Language-Conditioned Map Querying: Connecting language expressions such as “the room near the stairs,” “the object behind the table,” or “the door on the left” to map-based spatial representations.
Multi-View Scene Understanding: Combining observations from different robot viewpoints to improve object localization, scene reconstruction, and environmental awareness.
Map-Based Task Planning: Using spatial maps to support navigation, inspection, object search, path planning, and task sequencing for both quadruped and humanoid robots.
Dynamic Map Updates: Updating spatial and semantic maps when objects move, doors open, paths become blocked, or robot actions change the environment.

Current Implementation

At the current stage, this project focuses on defining the VLA framework for quadruped and humanoid robot intelligence. The initial implementation is organized around robot vision, natural-language instruction grounding, semantic mapping, and embodiment-specific action generation.

For quadruped robots, the near-term focus is on language-guided navigation, active visual inspection, scene exploration, terrain-aware movement, and semantic SLAM integration. These capabilities provide a foundation for robots that can move through complex environments while interpreting instructions in relation to physical space.
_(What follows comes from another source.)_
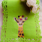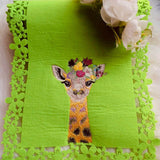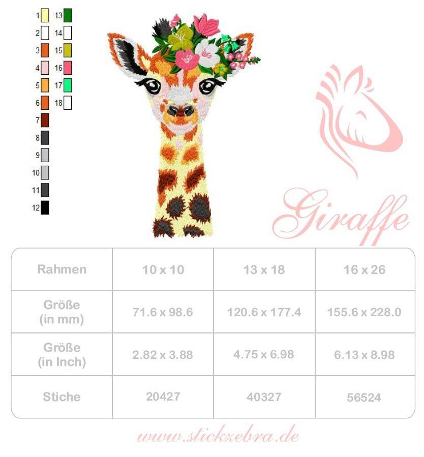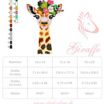 Mit großen, sanften Augen und einem verspielten Blumenkranz auf dem Kopf schaut dich diese zierliche Giraffe freundlich an.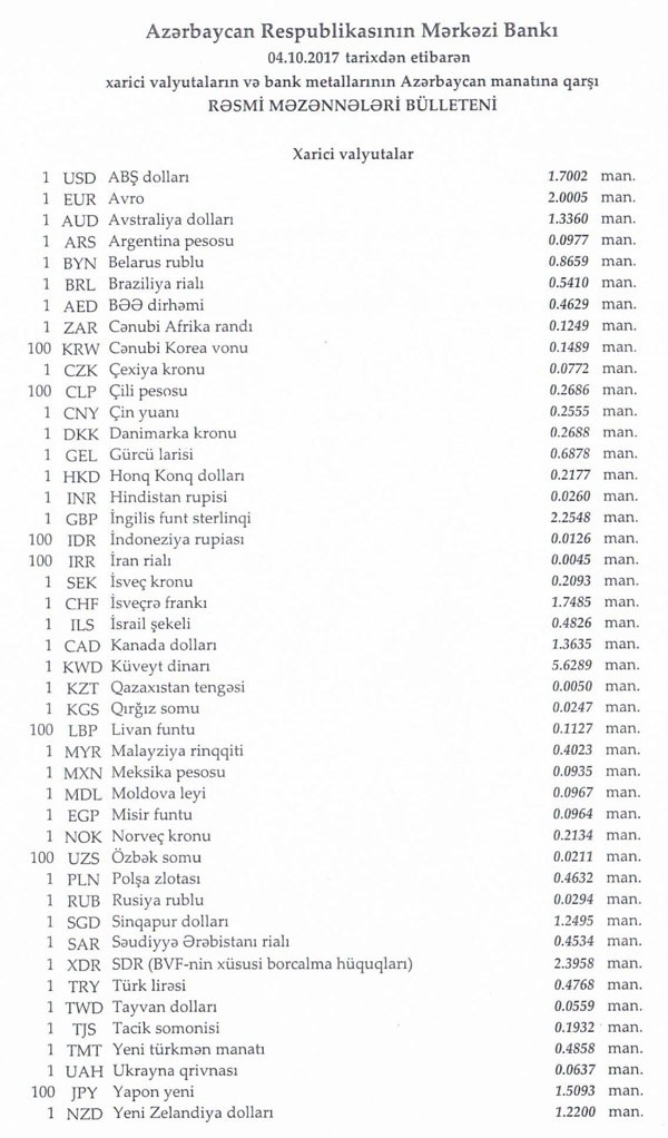 Oktyabrın 3-də rəsmi olaraq 1 dollar 1,7002 manata, 1 avro isə 1.9904 manata bərabər idi.

For humanoid robots, the near-term focus is on vision-language-guided reaching, object interaction, whole-body task execution, and manipulation-oriented scene understanding. These capabilities provide a foundation for robots that can operate in human-designed environments and perform tasks requiring arms, hands, posture control, and physical interaction.

Future Research Directions

Future work will extend this project toward general-purpose VLA robot systems that can operate across different embodiments, environments, and task domains. One direction is to develop shared robot foundation models that can interpret language and vision across quadruped and humanoid platforms while producing actions through embodiment-specific control heads.

A further direction is to build simulation-to-real training pipelines for VLA robot policies. Simulation can provide diverse environments, rare failure cases, and scalable task variations, while real-robot experiments can test whether the learned policies remain robust under physical constraints, sensor noise, contact uncertainty, and dynamic environments.